For the Citypersons, we take all 3000 images in train set for training, and use the annotated bounding-boxes in a similar way as Caltech. Quantitative results are listed in Table 2. Since the dataset consists more crowded scenes, it can be seen that MRF acts as a more important role, and the best result is achieved in the heavy occlusion case. Interestingly, TLL alone surpasses [38] when people are occluded from each other heavily, which is the case [38] proposed to solve with. Results in Table 2 demonstrate that it is better to provide less ambiguous information to classifiers instead of improving classifiers themselves.

Fig. 8.
figure 8

Visualization examples of the multi-frame feature aggregation effect. Red bounding boxes indicate the enhanced high-activated feature locations. (Color figure online)

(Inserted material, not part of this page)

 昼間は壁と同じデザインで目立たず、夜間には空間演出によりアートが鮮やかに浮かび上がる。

5.3 Multi-frame Feature Aggregation

Large feature channels in FCN will greatly increase the feature dimensions, bringing issues of computational overhead and memory consumption. To address this issue, we convert the multi-layer features before Conv-LSTM, down to 256 channels by using a 1 \(\times \) 1 convolutional transform. This operation is similar as the bottleneck structure in [29], but more efficient. After that, Conv-LSTM layers with 256 channels are inserted into the single-shot TLL network. We try to incrementally stack Conv-LSTM layers to the network, however, due to difficulties in training multiple RNNs, experiments show that stacking two or more Conv-LSTMs is not beneficial. We unroll the Conv-LSTM to 5 time steps in consideration of the memory limitation and train the network with GT of each sampled frames.

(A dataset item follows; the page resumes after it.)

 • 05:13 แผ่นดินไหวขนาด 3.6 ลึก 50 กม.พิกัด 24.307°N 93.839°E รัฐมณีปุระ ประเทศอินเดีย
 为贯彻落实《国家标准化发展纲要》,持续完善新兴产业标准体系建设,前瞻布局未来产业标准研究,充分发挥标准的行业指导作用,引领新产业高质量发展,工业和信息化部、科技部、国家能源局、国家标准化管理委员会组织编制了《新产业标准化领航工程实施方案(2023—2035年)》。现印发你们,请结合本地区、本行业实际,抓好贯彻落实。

Figure 8 illustrates the effect of multi-frame feature aggregation. Columns from left to right are the original image in Caltech test set, the prediction map of topological link edge confidence by single-shot network, and the one by Conv-LSTM based feature aggregation from adjacent frames. It can be seen that for some instances with defocus, blurred boundary and extremely tiny scale, the output feature activations from single-shot network are feeble, or even disappeared. In contrast, Conv-LSTM effectively aggregates the adjacent frame information to the reference frame, resulted in more high-activated features, which benefits the detection of small-scale objects. Quantitative result of the RNN based TLL is listed in Table 1. Figure 9 illustrates MR–FPPI curves for different scales objects together with best performance benchmarks on the Caltech standard image test set. We also list the result of our TLL combined with FGFA [27]. Compared with FGFA, RNN based aggregation propagates temporal information in a hidden strategy, which allows the network to transfer feature from nearby frames in a more self-driven way, and improves the comprehensive performance more significantly.

Fig. 9.
figure 9

Comparison of our proposed TLL approach with some state-of-the-art methods on the Caltech dataset under Near, Middle, and Far evaluation protocols.

6 Conclusions

In this work, we design a FCN based network to locate the somatic topological line for detecting multi-scale pedestrian instances while introduce a post-processing scheme based on MRF to eliminate ambiguities in occlusion cases. A temporal feature aggregation scheme is integrated to propagate temporal cues across frames and further improves the detection performance. From this work we conclude that: (1) problem itself may reside in the very origin of learning pipeline and it is more appropriate to provide more discriminative and less ambiguous information other than to just feed more information for achieving a better classifier. (2) One should abstract annotations with a more representative methodology. We hope it can inspire more works that focus on intrinsically solving with generic small-scale objects and heavily occlusion scenes.